As we trudged along an endless series of steps, we were shown fascinating limestone formations of stalactites and stalagmites, some joining up to form towering pillars. Many of these formations which had taken 250 to 400 million years to form, resembled animals and humans and we had a fun time picking out these resembles. Rosli, our caving guide, used his torchlight to point out these images as well as limestone crystals, wave walls, potholes and many amazing structures. What a spectacular natural heritage Perak possesses and all Perakians should be proud of Gua Tempurung!
Twenty-five out of 40 made it to the end of the tour, climbing a total of 640 steps reaching an elevation of 120m!

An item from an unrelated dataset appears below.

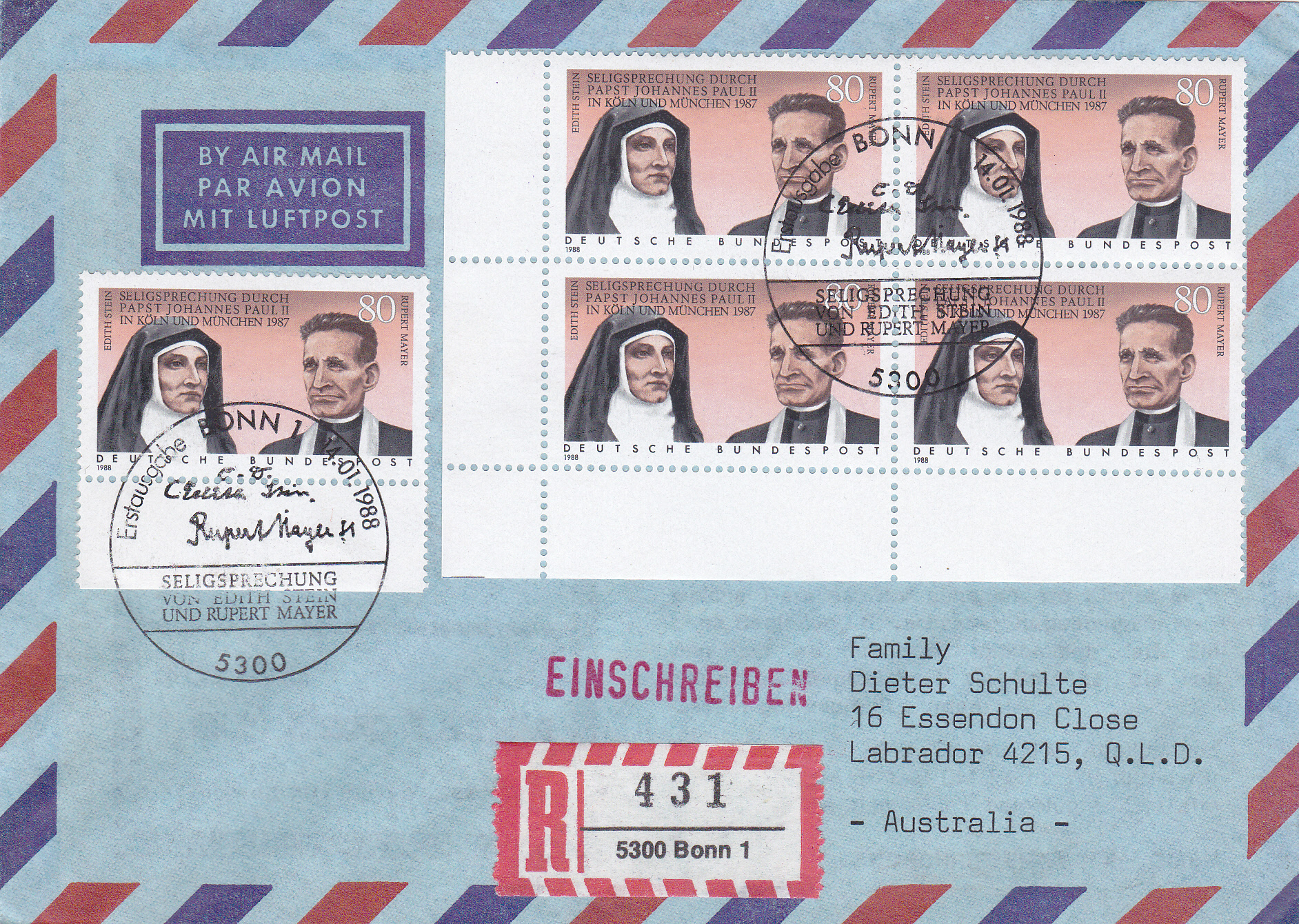 Luftpost-Einschreiben (bis 10g) vom 14.1.1988 von Bonn nach Australien mit einer Mehrfachfrankatur der Marke "Seligsprechung von Edith Stein und Pater Rupert Mayer durch Papst Johannes Paul II." (MiNr 1352) mit dem Ersttagsonderstempel Bonn. Das Porto betrug: Auslandbrief (bis 20g) 120Pf, Einschreiben 200Pf, Zuschlag für Luftpost 6-10g nach Australien je 5g 40Pf, (2x 40Pf = 80Pf) zusammen also 400Pf.

That was quite an achievement! Syabas! to all, especially a sprightly 77 year old lady who was not even breathless climbing all those steps.
We made it! Gua Tempurung's Top of the World
We took lunch at Kampar New Town and then had a great time in Jalan Idris, buying lots of the famous Kampar biscuits, cookies, pastries and curry bread. Then it was off to the Kinta Gravel Pump Tin Mining Museum. The surrounding grounds had replicas of dulang washers panning for alluvial tin ore and a wooden sluice with water flowing down it used to trap the heavier tin particles. A number of heavy machinery used in excavating for tin in the 19th century were displayed inside and outside the museum. The air conditioned interior was a welcomed respite from the heat outside.

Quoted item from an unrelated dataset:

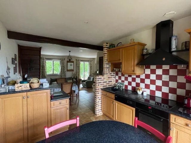 Au rez-de-chaussée : une belle pièce de vie traversante avec cheminée, ouverte sur une cuisine aménagée et équipée, 2 chambres, une belle salle de douches récente, un WC, buanderie, local à vélos et outillage.

            A brainchild of Tan Sri Hew See Tong, former tin miner and Kampar MP, the museum was set up at a cost of RM2 million and is really worth a visit from anyone interested in the tin mining industry. Look out for a replica of Larut, (the famous pet elephant of territorial chief Dato Long Jaafar) who got lost and when found days later, was covered in mud and tin ore! So Larut led to the discovery of tin in Taiping in 1848, resulting in other tin fields found all over Perak.
            The next heritage site we visited was Kellie’s Castle, a Scottish rubber planter’s dream gone awry. In 1820, William Kellie Smith arrived in the then Malaya at the age of 20 and over several years, built his hugely successful business empire in the rubber and tin mining industries. He married his Scottish childhood sweetheart, Agnes, and had a daughter Helen and many years later, his son Anthony. To celebrate the much awaited birth of his son and heir, Kellie started building his castle, reminiscent of his Scottish roots. But tragedy struck shortly after WW2, when the endemic Spanish Flu killed off many of his imported Indian labourers and craftsmen. On a short visit to Portugal in 1926, Kellie himself also died, leaving behind a dream unrealized and uncompleted.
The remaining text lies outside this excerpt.